W sumie to dość oczywiste zważywszy na fakt nagrania coveru Extreme Noise Terror juz na pierwszym demie.
twoja_stara_trotzky pisze:a tak poza tym, to w sumie zabawne, ale zajebistość IN pokrywa się dokładnie z okresem, gdy mało znaczącą rolę basisty pełnił w zespole niejaki Jarva ;)
Jarva miszcz.
Awatar użytkownika
Adrian696
zahartowany metalizator
Posty: 3562
Rejestracja: 22-06-2007, 20:44

Re: IMPALED NAZARENE

11-10-2010, 09:13

Lykantrop pisze:Tak czy owak, podobieństwo chyba jest duże, a roczniki wydania "U-K" i "In the Streams..." mówią za siebie.
no knypowi to mówią, natomiast, jak ktoś zamiast Metal-Archives użyje do porównania ich muzyki własnej wiedzy - to stwierdzi, że Mysticum elektroniki, sampli i klawiszy używało już 1992 roku jako Sabazios. Zanim wyszła U-K, ekipa z Mysticum wydała 3 dema - jedno jako Sabazios, dwa jako juz Mysticum. Polecam sie zapoznać, zanim pierdolniesz kolejną głupote.
Drone pisze:Dla mnie (dla mnie!) pozostajesz zjebem i oficjalnie wciągam cię na listę wrogów.
Awatar użytkownika
hcpig
mistrz forumowej ceremonii
Posty: 10105
Rejestracja: 06-07-2008, 13:23

Re: IMPALED NAZARENE

14-10-2010, 13:25

twoja_stara_trotzky pisze:zresztą posłuchajcie, jak brzmi główny riff w The horny and the Horned - jak Mayhem grające Napalm Death.
No właśnie m.in. o tym numerze pisałem mówiąc o łączeniu podniosłej atmosfery z brutalnością, tak samo jest w przypadku "Hate". Ale największy przekurw z tej płyty to "Cyberchrist", bawiąc się w te fikuśne krzyżówki - Filosofem + Fallen Angel of Doom.

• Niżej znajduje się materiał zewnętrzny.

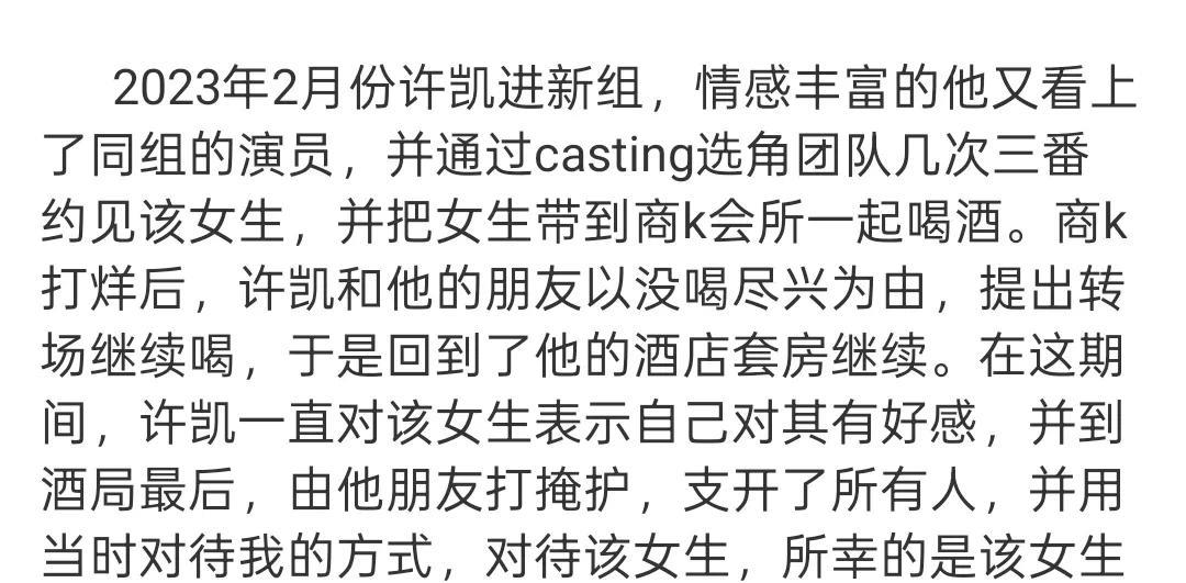 许荔莎继续爆料许凯,并总结了时间线,其中提到了许凯两次醉酒试图亲吻女性。 所以,娱乐圈男明星的酒局并不是聊聊天而已?而是去选目标了?如果不是男女关系,借着酒劲试图肢体接触女性,是不是属于性骚扰?如果还有脱衣服等举动,是不是属于那啥未遂? 贵圈太乱了。
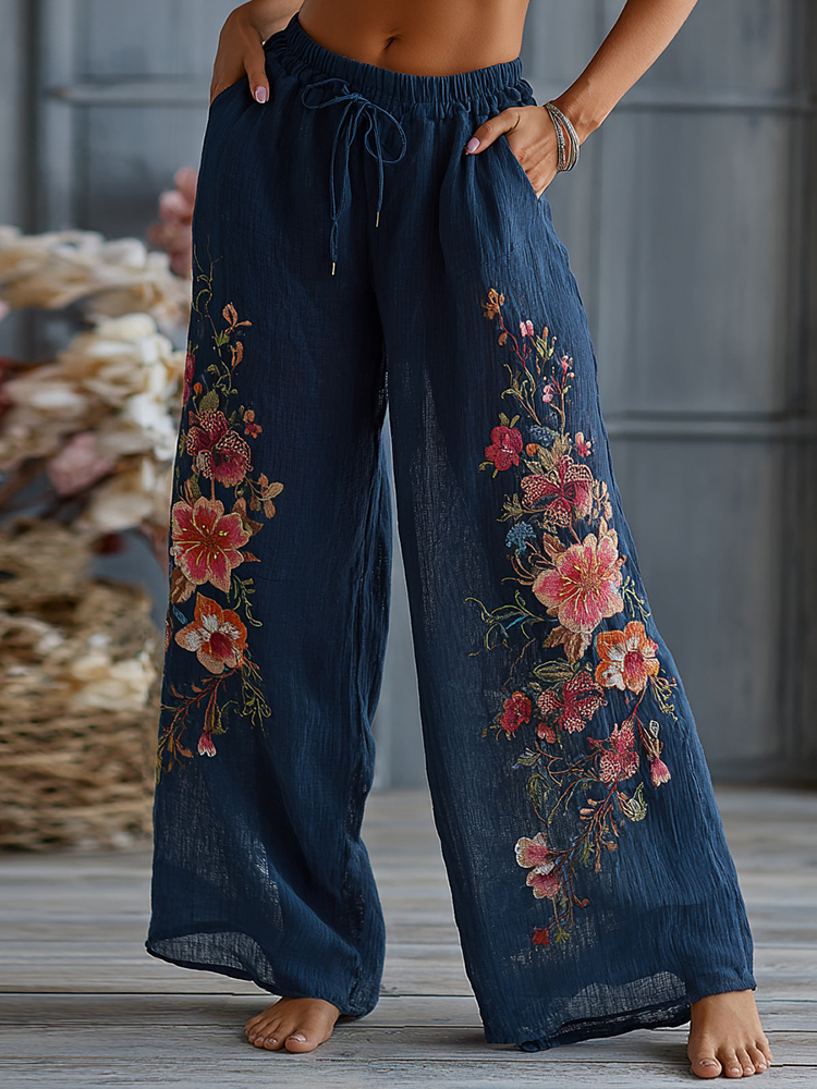 Boho Threaded Floral Geometric Patchwork Embroidered Women's Vintage Linen Trousers
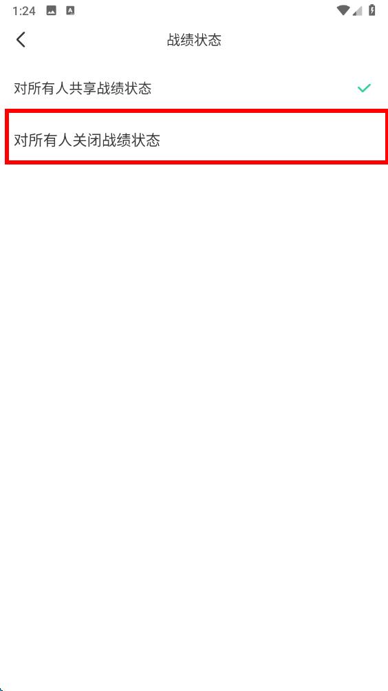 5、在戰(zhàn)績狀態(tài)設(shè)置界面,選擇對所有人關(guān)閉戰(zhàn)績狀態(tài)選項,即可關(guān)閉戰(zhàn)績顯示。
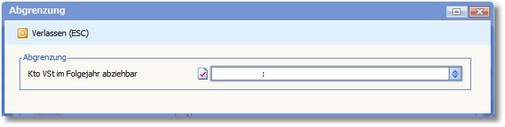 Vorsteuer, die im abgelaufenen Geschäftsjahr auf das Konto "Vorsteuer im Folgejahr abziehbar" umgebucht wurde, kann im aktuellen Geschäftsjahr auf das Vorsteuerkonto umgebucht werden. Das Konto "Vorsteuer im Folgejahr abziehbar" wird somit "aufgelöst". Voraussetzung für die Auflösung ist ein Saldenvortrag dieses Kontos. Tragen Sie hier das zutreffende Sachkonto ein.
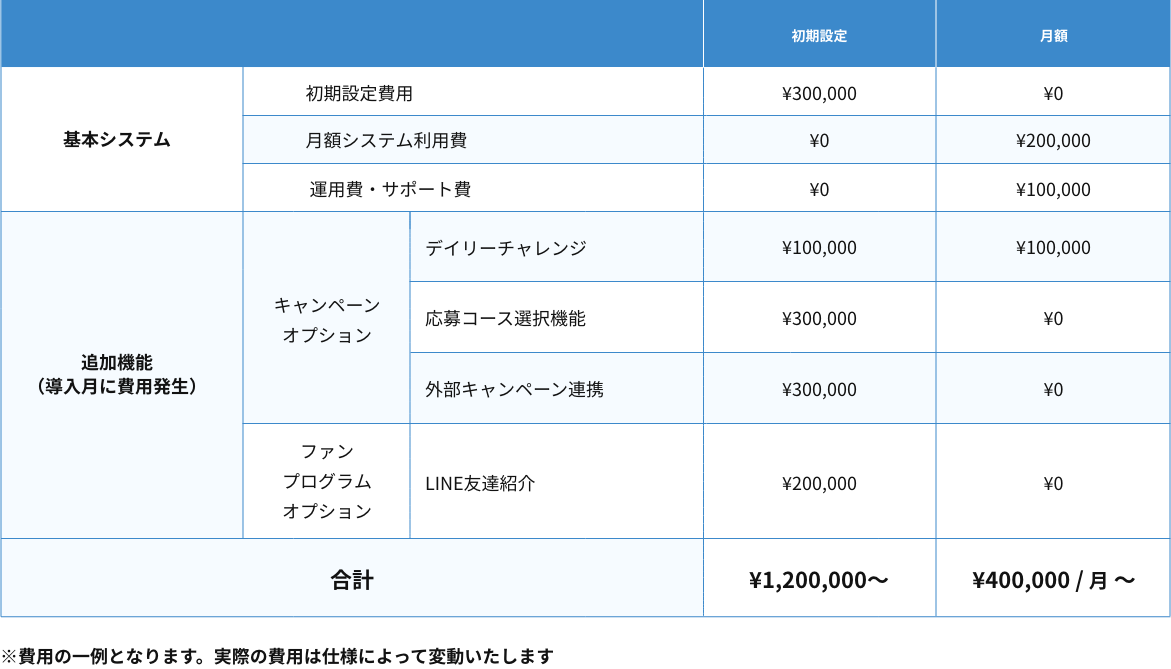 ※費用の一例となります。実際の費用は仕様により変動いたします。
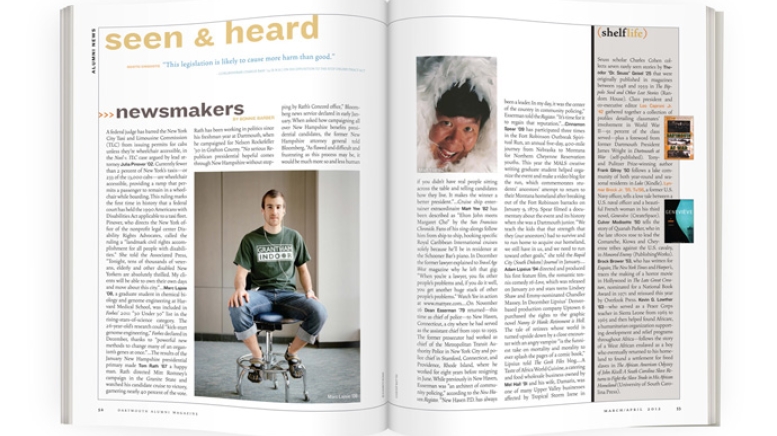 Adam Lipsius ’94 directed and produced his first feature film, the romantic tennis comedy 16-Love, which was released on January 20 and stars teens Lindsey Shaw and Emmy-nominated Chandler Massey. In December Lipsius’ Denver-based production company Uptown 6 purchased the rights to the graphic novel Nanny & Hank: Retirement is Hell. The tale of retirees whose world is turned upside down by a close encounter with an angry vampire “is the funniest take on mortality and morality to ever splash the pages of a comic book,” Lipsius told The Geek Files blog.
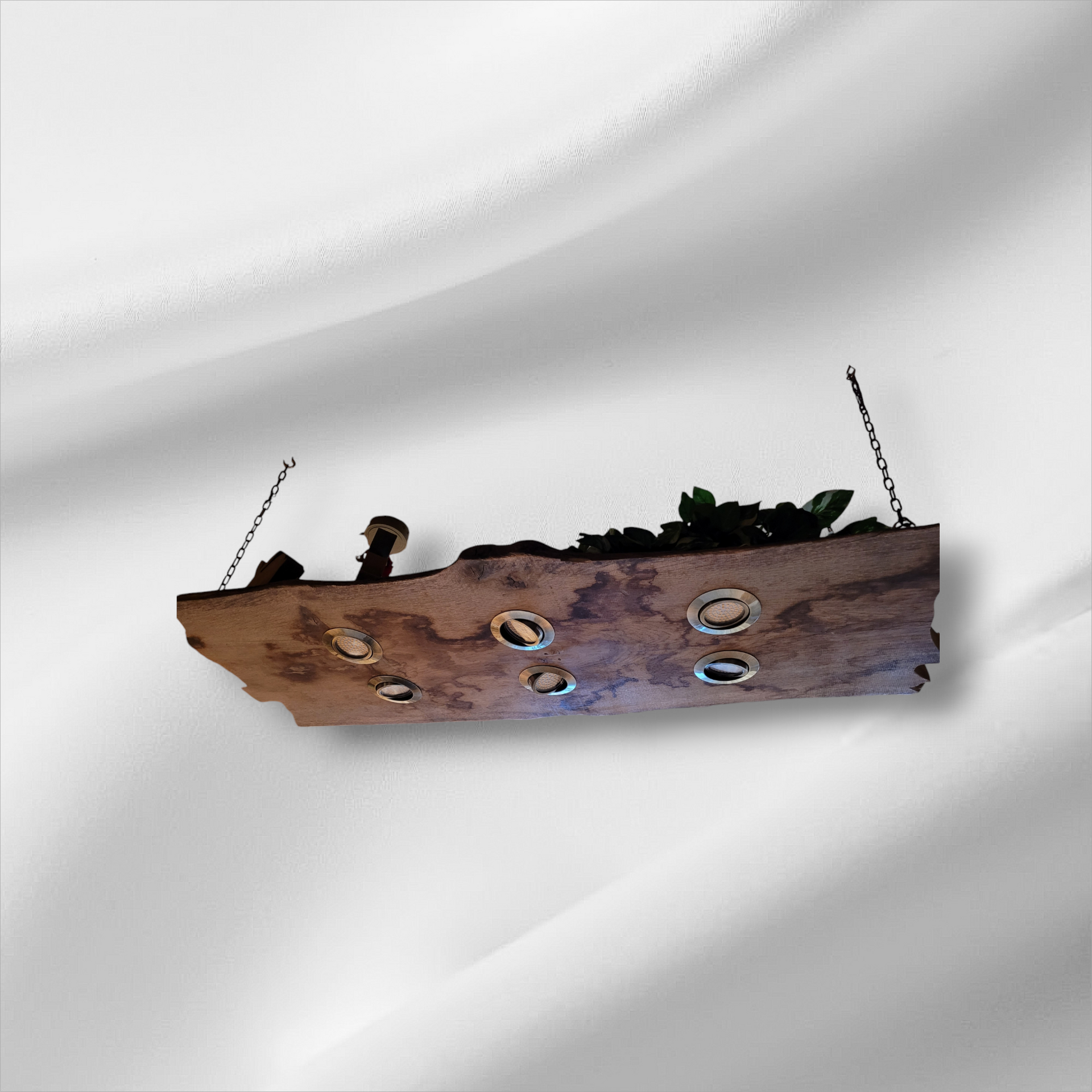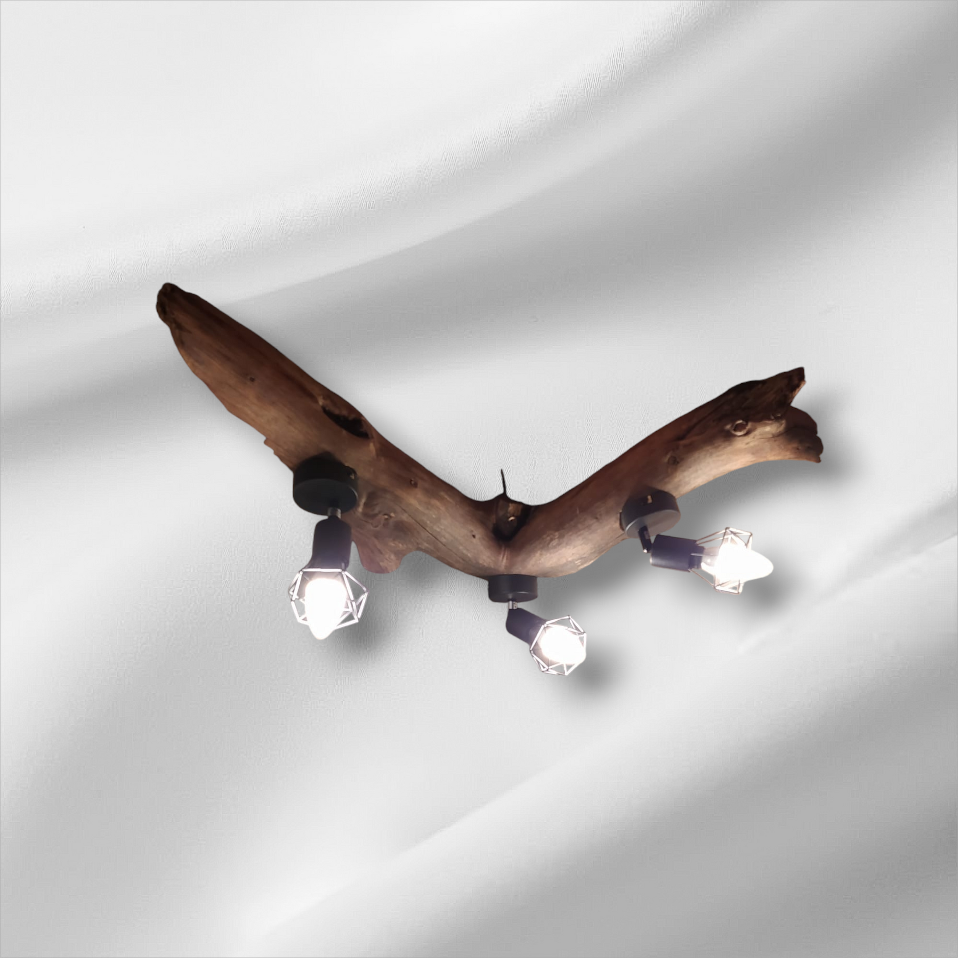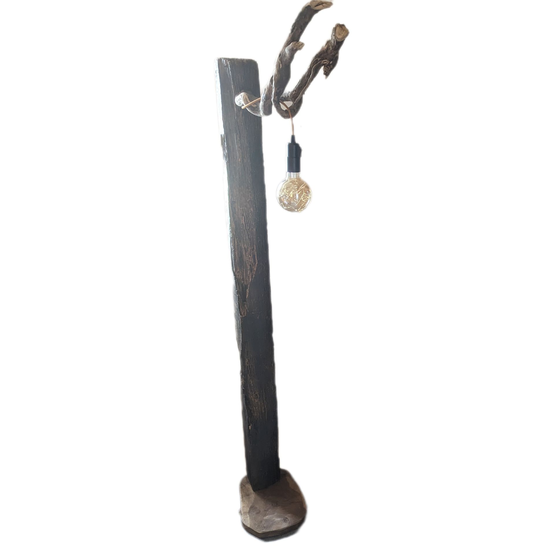 Der alte Balken, gezeichnet von Jahren, von Händen, die ihn berührten, von Winden, die ihn streichelten, bildet das Fundament dieses einzigartigen Leuchtelements.

Co do reszty postów IN nie jest wybitne jako całość, jest za to cholernie równym bandem na bdb poziomie z 1 wybitnym krążkiem. Nie trawię głupiej masówki w metalu na zasadzie byle stale wypuszczać zrobiony na odpierdol nowy album co 2-3 lata i tutaj szczerze, mimo tylu nagranych krążków nie sądzę żeby ML&Co się tym skalali.
Yare Yare Daze
Awatar użytkownika
Morph
mistrz forumowej ceremonii
Posty: 8973
Rejestracja: 27-12-2002, 12:50
Lokalizacja: hyperborea
Kontakt:

Re: IMPALED NAZARENE

13-11-2010, 19:30

Już dostępne.

ROAD TO THE OCTAGON is 11th studio album from these Nuclear metal masters and contains 13 songs pure in-your-face hate-filled metal. Absolutely no compromise! If you do not know Impaled Nazarene, then you don´t know shit!
Give birth to something dead
Give birth to something old
Awatar użytkownika
twoja_stara_trotzky
mistrz forumowej ceremonii
Posty: 9857
Rejestracja: 14-03-2006, 20:37
Lokalizacja: 3city

Re: IMPALED NAZARENE

21-11-2010, 00:22

podoba mi się ta nowa płyta. co jest dość dziwne, bo mi się ich żadna nowa płyta od kilkunastu lat nie podobała.
Awatar użytkownika
Sebol
zaczyna szaleć
Posty: 203
Rejestracja: 11-08-2007, 16:36
Lokalizacja: Dublin

Re: IMPALED NAZARENE

21-11-2010, 13:58

Nowka wchodzi calkiem przyjemnie, napewno bedzie czestym gosciem odsluchow w najblizszych dniach...
Awatar użytkownika
hcpig
mistrz forumowej ceremonii
Posty: 10105
Rejestracja: 06-07-2008, 13:23

Re: IMPALED NAZARENE

19-03-2011, 15:09

Raczej zawód ten nowy ImpNaz, mimo że dalej zachowują +/- równy poziom to będzie to jednak jeden z tych nieco słabszych albumów, gdzieś na poziomie Nihil/Rapture (dalej nie słyszałem Manifest) czyli solidnie z plusem i nic więcej. Najlepsze wałki "Reflect on this" i "Gag Reflex", ale też bez rewelacji.
Yare Yare Daze
DCI Hunt

Re: IMPALED NAZARENE

19-03-2011, 15:36

hcpig pisze:to jednak jeden z tych nieco słabszych albumów, gdzieś na poziomie Nihil/Rapture
Przecież poza pierwszą trójką, "Rapture" to jeden z tych lepszych.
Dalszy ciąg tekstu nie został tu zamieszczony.